Planet Jobonga

14 Nov

I present my Tuesday Essay. The topic, if you haven’t been following along:

What would the world be like if it was only populated by people exactly like you for the last 2 million years? (Social norms, architecture, advances in science, economics, the angles are endless.) Creationists may start with Adam/Eve if they insist on being ridiculous.

Unfortunately, life is harsh on Planet Jobonga. While its people are highly creative, we don’t carry out our ideas well because we never quite master the details. Consequently, most Jobongans toil at subsistence farming. We mastered the wheel long ago but our axels could use some work. Fire seems like something worth figuring out, but why not just keep feeding this flame right here that’s been going for 300,000 years? Our health care is pretty atrocious because mucous, the digestive process, and ear wax? That shit is gross.

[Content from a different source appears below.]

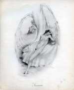 Margit Gaál published her only known portfolio of prints when she was just twenty-two years old and still studying in Budapest. Songes galantes (Courageous Dreams) seems to sum up all the romantic – bordering on erotic – dreams of a young art student steeped in literature, religion and mythology.

Even though we could really use the protein, we are not omnivores. Our love and respect for the abundant animals on our planet hinders our success as a species. No creature suffers pain or hunger when a Jobongan is near except maybe another Jobongan. Dogs and chickens are domesticated because we couldn’t resist, the rest we admire from afar.

The stress of hard living has led to some very necessary outlets that all Jobongans enjoy: ultimate fighting, turning everything into a race, dancing, eating, drinking, and napping with puppies. All of these activities can be used to resolve conflict, as most wars are passive aggressive and undeclared. In the event of an actual war, we fight with snowballs, clubs, and fists. We are a happy, moody people in spite of our short, brutal lives. Once we recover our numbers from the last plague, we will have more time to do what we love most: write and read books, cultivate and discuss wool technology, and inhabit boats.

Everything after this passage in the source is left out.